For this exercise, copy the data exactly and omit any images.

> [GIVEN DATA]
---------------
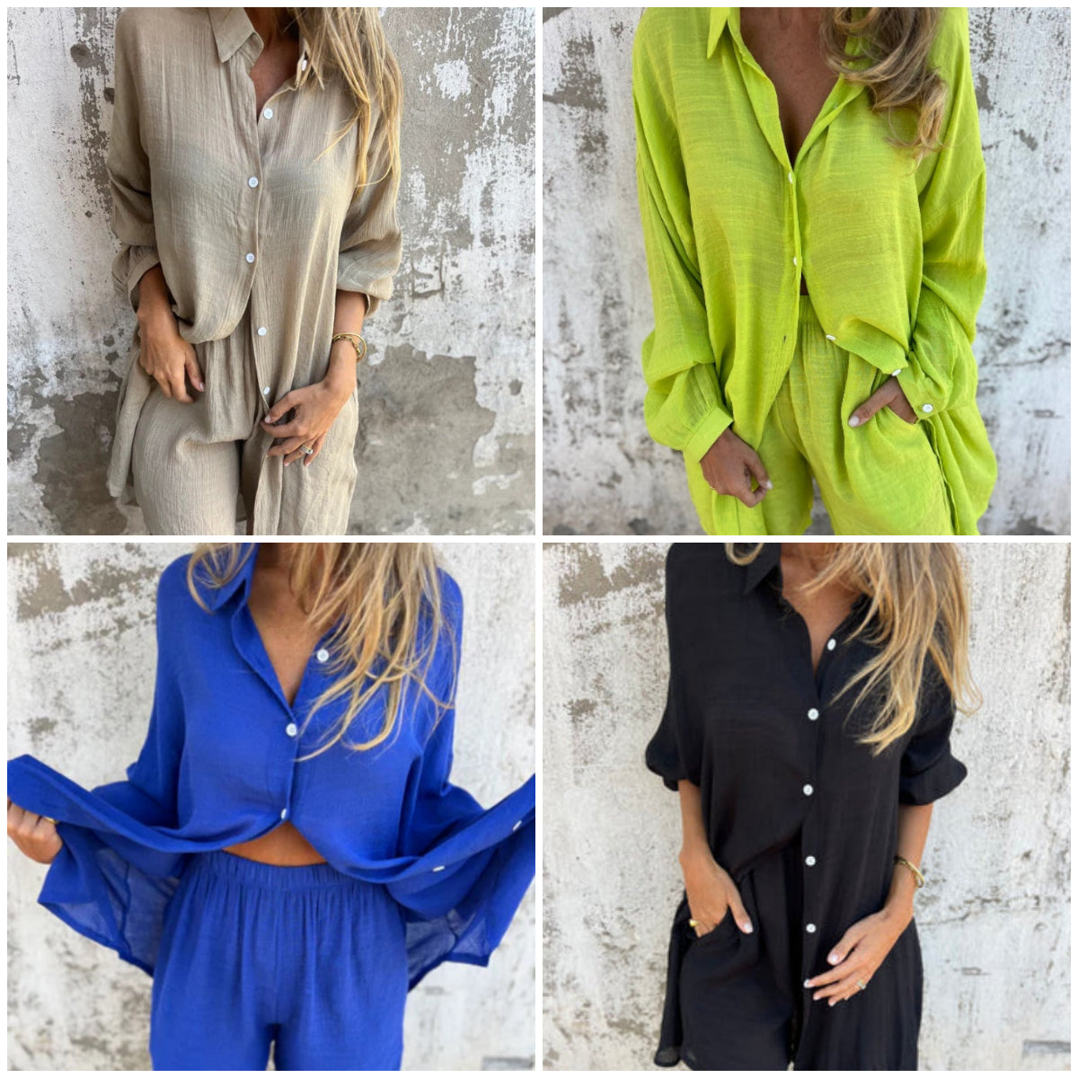 DESIGN CASUAL ȘI CHIC - Acest set din două piese include o cămașă elegantă cu mânecă lungă și pantaloni scurți asortați, îmbinând perfect confortul și moda. Ideal pentru ieșiri casual, brunch-uri sau relaxare acasă.
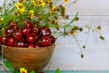 Red ripe cherries with stem in bowl.
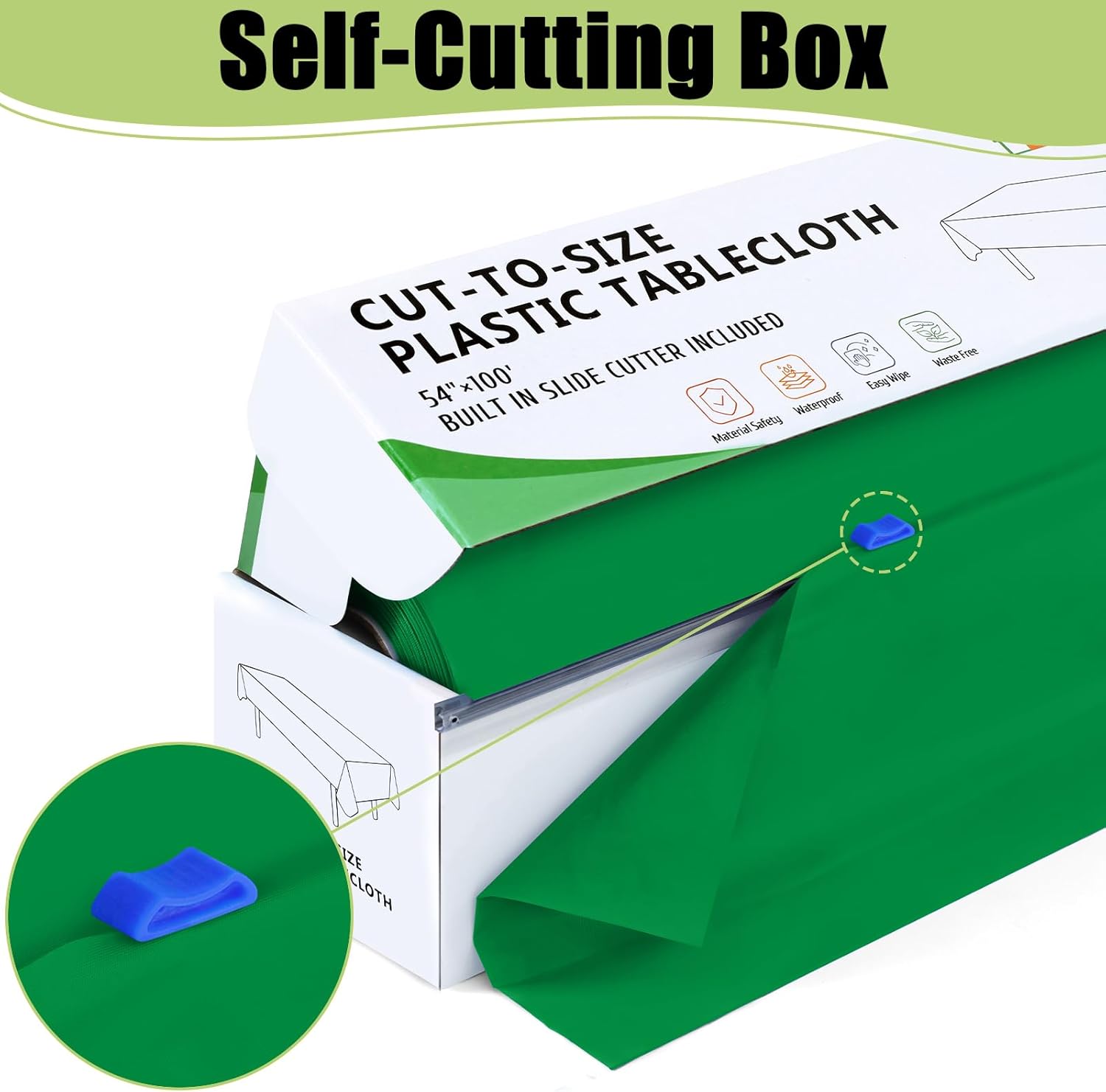 Smiry 54 Inch x 300 Feet Disposable Table Cover Roll, Green Plastic Table Cloth in Cut-to-Size Box with Slide Cutter, Waterproof Rectangle Tablecloths for Weddings, Banquets, Outdoor
---------------
> [TASK SOLUTION]
 DESIGN CASUAL ȘI CHIC - Acest set din două piese include o cămașă elegantă cu mânecă lungă și pantaloni scurți asortați, îmbinând perfect confortul și moda. Ideal pentru ieșiri casual, brunch-uri sau relaxare acasă.
 Red ripe cherries with stem in bowl.
 Smiry 54 Inch x 300 Feet Disposable Table Cover Roll, Green Plastic Table Cloth in Cut-to-Size Box with Slide Cutter, Waterproof Rectangle Tablecloths for Weddings, Banquets, Outdoor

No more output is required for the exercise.